# Confessions of an Eco-Rebel...



## Thx (Sep 11, 2013)

Hello children of the soil, naturephiles and just people who like to eat food,

The town I live in used to be mostly farmland. A rich valley and the town was just Main St., not much bigger than Mayberry.

Well, along come the 1950s and the city decided to expand the commercial zoning...

So, there are still a few farms left, but most have been supplanted by warehouses.

We must have a couple hundred.

And between the warehouses are large empty fields...

A few years ago I wondered about SHTF like many others.

What would our govt. do in the event of a nationwide disaster, natural or man made?

Heck, these guys couldn't handle Katrina.

So, I have been like a Johnny Appleseed around here.

I plant tomatoes, melons, bell peppers, squash, beans, carrots etc. in select places around town.

All those fallow fields going to waste.

My thinking is that critters and birds will spread the seeds and before you know it tomatoes will be growing between the cracks in the city sidewalks, lol.

Now, officially I am trespassing to do some of this, so it's a bit of a thrill, and I can just see the look on a cop's face when he busts me for planting seeds.

"Hey man, the Earth belongs to everyone..."

Where do you live?
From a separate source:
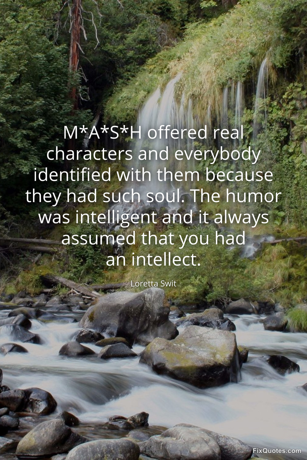 Swit, Loretta. "M*A*S*H offered real characters and everybody identified with them because they had such soul. The humor was intelligent and it always assumed that you had an intellect." FixQuotes. January 16, 2026. https://fixquotes.com/quotes/mash-offered-real-characters-and-everybody-127170/.

Start doing this in your town, tell your friends, next spring is just around the corner, let's stick it to the man with produce! 


Thx


----------



## liberationmoves (Jan 26, 2015)

This is a great idea. I would add trees to the food too.


----------



## Durp (Apr 16, 2015)

You are awsome. Thank you for existing!


----------



## VikingAdventurer (Apr 16, 2015)

I'm just gonna walk around and plant cannabis... ::lurking::


----------